2. "Preheat" the cache: when you need to replicate across the data center
Steps to use:
1. Parse the binary log of the database update and find the same update to memcached when the database is updated
2. Execute the user-defined function, set the trigger to invoke the UDF update, specific reference http://tangent.org/586/Memcached_Functions_for_MySQL.html
3. Using the Blackhole strategy, Facebook also uses the MySQL blackhole storage engine to populate the cache, writing Blackhole data to the cache, which Facebook uses to set data revocation and cross-border replication, The advantage is that database replication does not go to MySQL, which means there is no binary log and less CPU usage (ah?). Do you store binary logs through memcached and then copy them to a different database? Experienced comrades can be added to this topic. )
- The file system cache caches files directly in the memcached, wow, it's enough for BT to lighten the burden of NFS, and it's estimated to cache only those images that are too popular.

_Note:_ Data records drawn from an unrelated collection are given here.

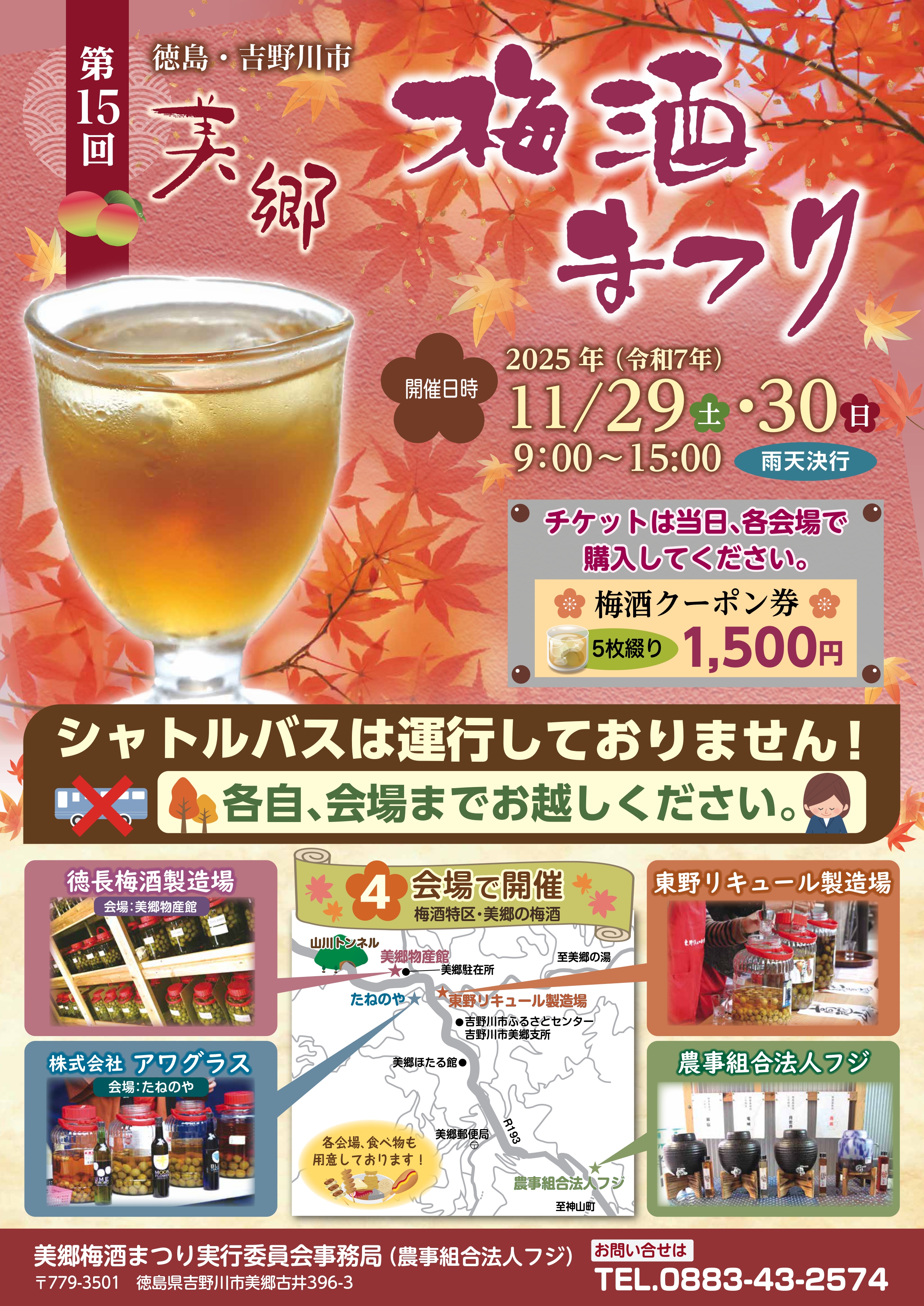 ![]()  | 2024年11月23日(土)~2024年11月24日(日)  | 第15回美郷梅酒まつりの開催について | |
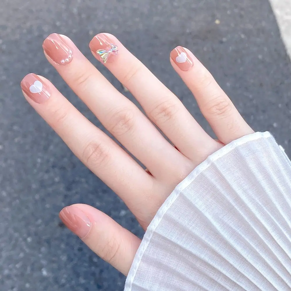 Фототерапия Маникюр матовый СПАР треснувшие ракушки персик сердце жемчужина короткая Накладка для ногтей Искусственные ногти съемные ногти
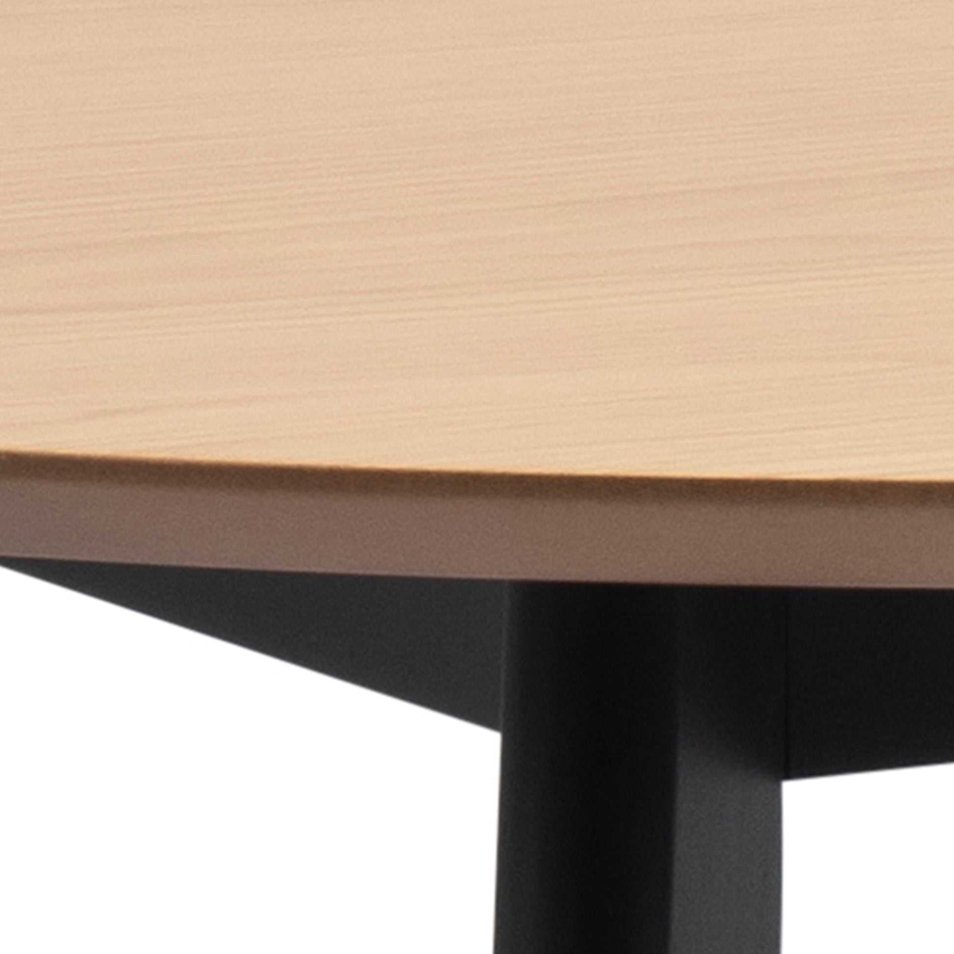 Delight in the classic elegance of our round dining table, featuring a rich oak veneer top and a striking matte black base. Its circular form is designed to create an inviting atmosphere for dining and socializing in any modern home.

- Partial page content caching if some parts of the page are hard to get, caching the page's original data is not as good as caching the contents of the page directly.
- Application-level replication updates the cache through the API with the following details: 1. An application writes data to a cache instance, which copies the content to another cache instance (memcached synchronization)
2. Automatically get the cache pool address and the number of instances
3. Update multiple cache instances at the same time
4. If a cache instance is down, skip to the next instance until the update succeeds
The process is very efficient and low overhead
- Other tricks 1. Multi-node for "single point of Failure" 2. Using hot standby technology, when a node is down, another service is automatically replaced with its IP, so the client does not have to update the IP address of memcached
3.memcached can be accessed via TCP/UDP, continuous connection reduces load and system is designed to withstand 1000 connections at a time
4. Different application services, different cache server farms
5. Check that your data size matches the cache you allocated, and see http://download.tangent.org/talks/Memcached%20Study.pdf for more information.
6. Do not consider data row caching, caching complex objects
7. Do not run memcached on your database server, two are the monsters that eat memory
8. Do not be disturbed by TCP latency, local TCP/IP is optimized for memory replication
9. Process data in parallel as much as possible
10. Not all memcached clients are the same, look closely at the language you use (as if PHP and memcached fit well)
11. Whenever possible, the data expires rather than invalidates the data, memcached can set the expiration time
12. Select a good cache ID key, such as update with the version number
13. Store the version number in the memcached
The author's final speech I will not translate, seemingly MySQL proxy is doing a project, automatic synchronization MySQL and memcached, more reference
Make memcached and MySQL work better.